23. the method for LCD that a driving has many door lines, many data lines and comprises a plurality of pixels of the on-off element that is connected to a line and data line, this method comprises:

The ambient brightness rank of detection LCD monitor produces first signal;

Based on first signal, change predetermined voltage, to produce secondary signal;

Produce a plurality of grayscale voltages that voltage swing changes according to secondary signal;

Sweep signal is offered a line, with turn-on switch component; And

To convert corresponding grayscale voltage from the gradation data that external source obtains to,, corresponding grayscale voltage be offered pixel so that by data line and on-off element.

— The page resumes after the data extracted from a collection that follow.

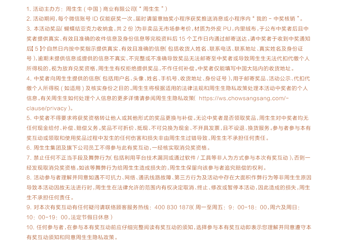 文章内容来源于公众号:周生生网上珠宝店,点此可查看原文,内容版权归相关企业所有,本网站仅供交流学习。若涉及版权问题或存在侵权情况,请及时与我们联系,我们将第一时间进行删除处理。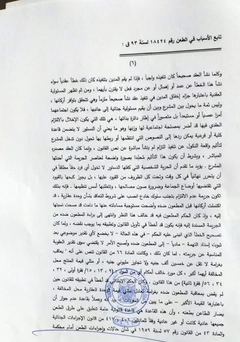 ورأت المحكمة أن قصر النظر على أن النزاع «مدني» والمضيّ معه دون بحث طبيعة السلوك المادي الذي وقع، خطأ في التطبيق والتأويل، لأن المشرّع قصَد أن يجرّم ويعاقب هذا النوع من السلوك لحماية السوق والمستهلكين، واستندت المحكمة أيضًا إلى أن ما آلت إليه درجات التقاضي السابقة وقرار إضافة نصوص قانون حماية المستهلك ضمن مواد الاتهام يؤهل لإلزام المتهم بالعقوبة المنصوص عليها قانونًا.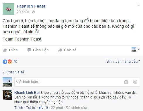 Nhưng trên Fanpage Fashion Feast, admin cũng chỉ đăng vỏn vẹn một lời xin lỗi: “Các bạn ơi, hiện tại hội chợ đang tạm dừng để hoàn thiện bên trong. Fashion Feast sẽ thông báo lại giờ mở cửa cho các bạn ạ. Không có gì hơn ngoài lời xin lỗi”.
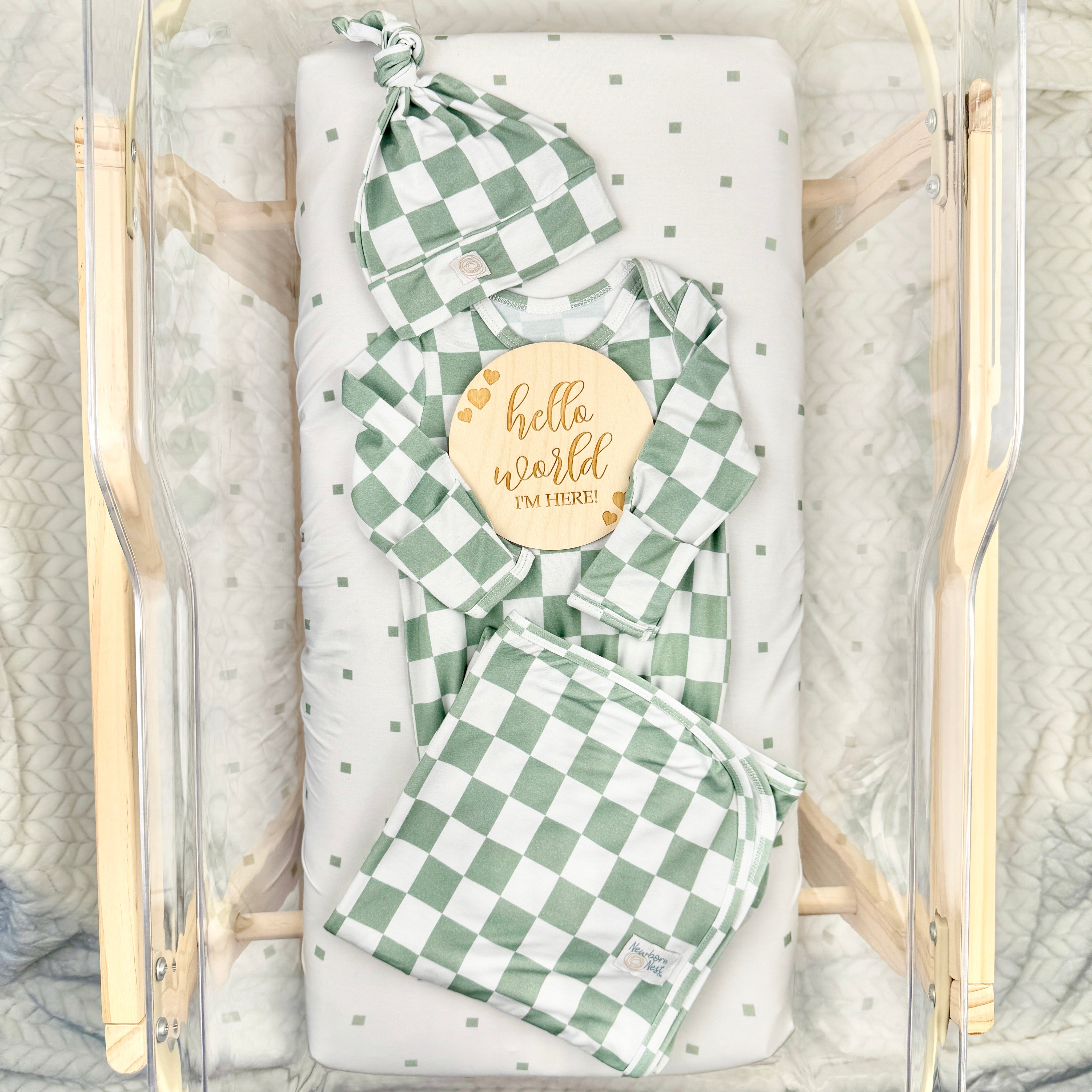 The first fabrics you wrap your baby in are important! Unlike the clothes your baby will get in the hospital, our Snuggle Bamboo Newborn Nests are made with soft, stretchy, breathable fabric. They include everything your baby will need for their hospital stay PLUS you'll have the most adorable "Hello World" first photos!
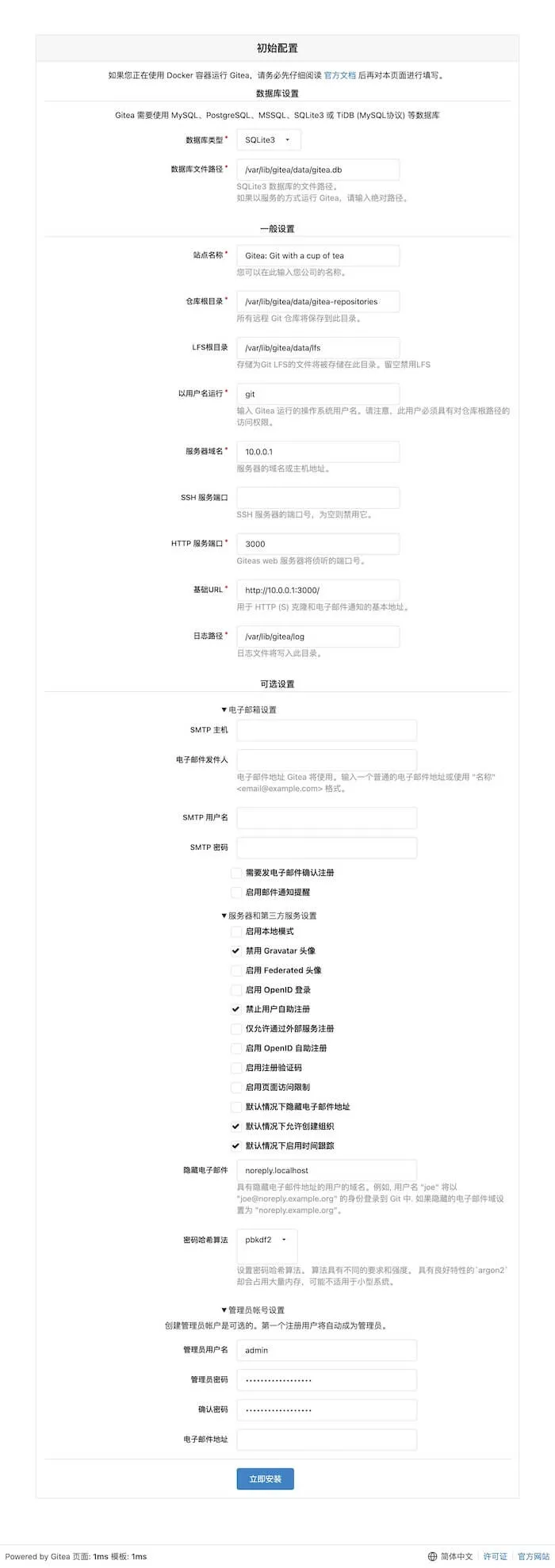 然后服务应该就会在3000端口运行了(使用服务运行默认是在3000端口,如果需要修改端口,要在服务配置的命令中加上--install-port 端口号),从浏览器访问IP:3000来打开安装页面。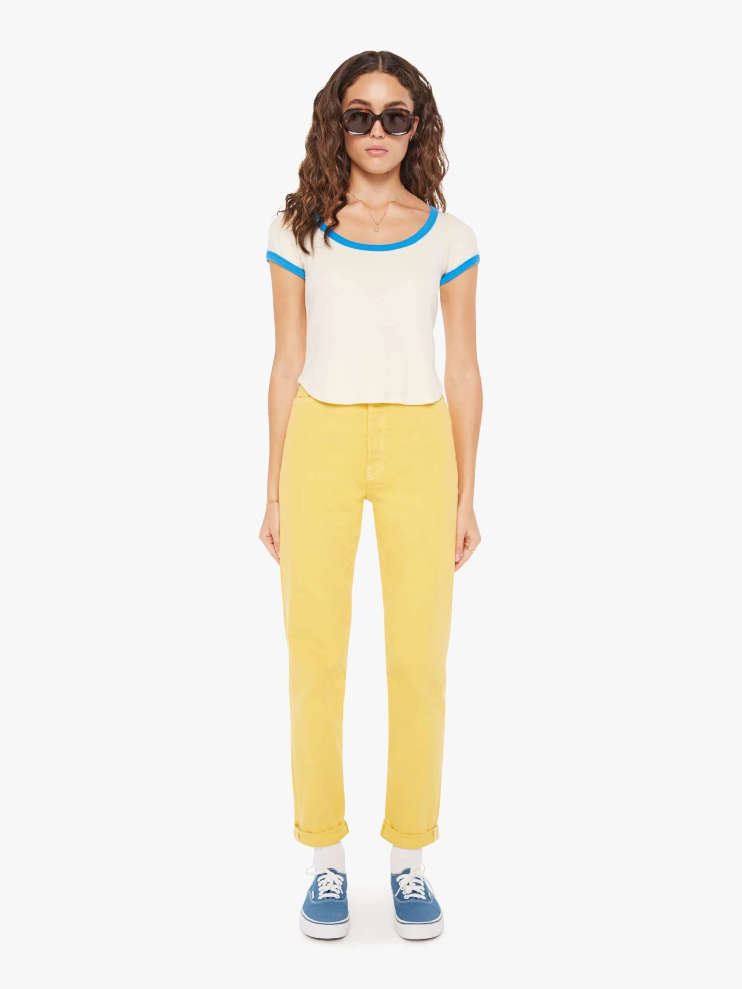 Finders keepers, losers weepers. A scoop neck tee from MOTHER’s Lost & Found capsule, a nostalgic collection that evokes the carefree spirit of a summer vacation in the 80s and feels just like a family road trip in that trusty old station wagon. The baby tee is designed with a deep scoop neck, short sleeves, a slim fit and a cropped, curved hem. It’s made from 100% cotton in cream with bright-blue trim.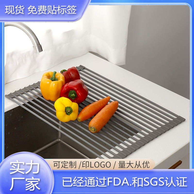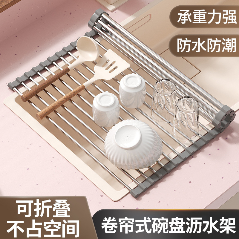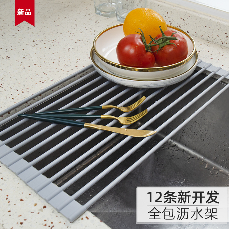 クロスボーダー多機能シリカゲル水切りロールカーテン家庭用食器や野菜の棚ステンレス折りたたみ水槽水切り棚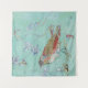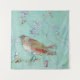 Ave Aqua por el Día de Kellie. Pequeño pájaro cantor creado con texturas variables para agregar profundidad. El fondo es un hermoso verde azulado con flores azules pequeñas.| SID21474

24. the method for LCD that a driving has many door lines, many data lines and comprises a plurality of pixels of the on-off element that is connected to a line and data line, this method comprises:

Based on gradation data, determine the screen epigraph gray scale of LCD, to produce first signal from external source;

Based on first signal, change the level of predetermined voltage, to produce secondary signal;

Produce a plurality of grayscale voltages that its value changes with secondary signal;

Sweep signal is offered a line with turn-on switch component; And

Convert gradation data to corresponding grayscale voltage,, corresponding grayscale voltage is offered pixel so that by data line and on-off element.

25. as the method for claim 24, wherein, deterministic process comprises:

Calculate the mean value of gradation data in the horizontal cycle;

Mean value according to gradation data produces load signal; And

The load signal analog-converted is become first signal.

26. as the method for claim 25, wherein, the calculating of mean value comprises:

With the gradation data addition of each group of gradation data, output is as first summation;

With the first summation addition in the horizontal cycle, output is as second summation;

With the quantity of second summation divided by gradation data in each group gradation data;

Extract a high position from second summation of being removed by the quantity of gradation data each group gradation data, output is as first data;

First data are carried out the depreciation counting; And

Numeral based on behind the first data depreciation counting produces the square wave that has load.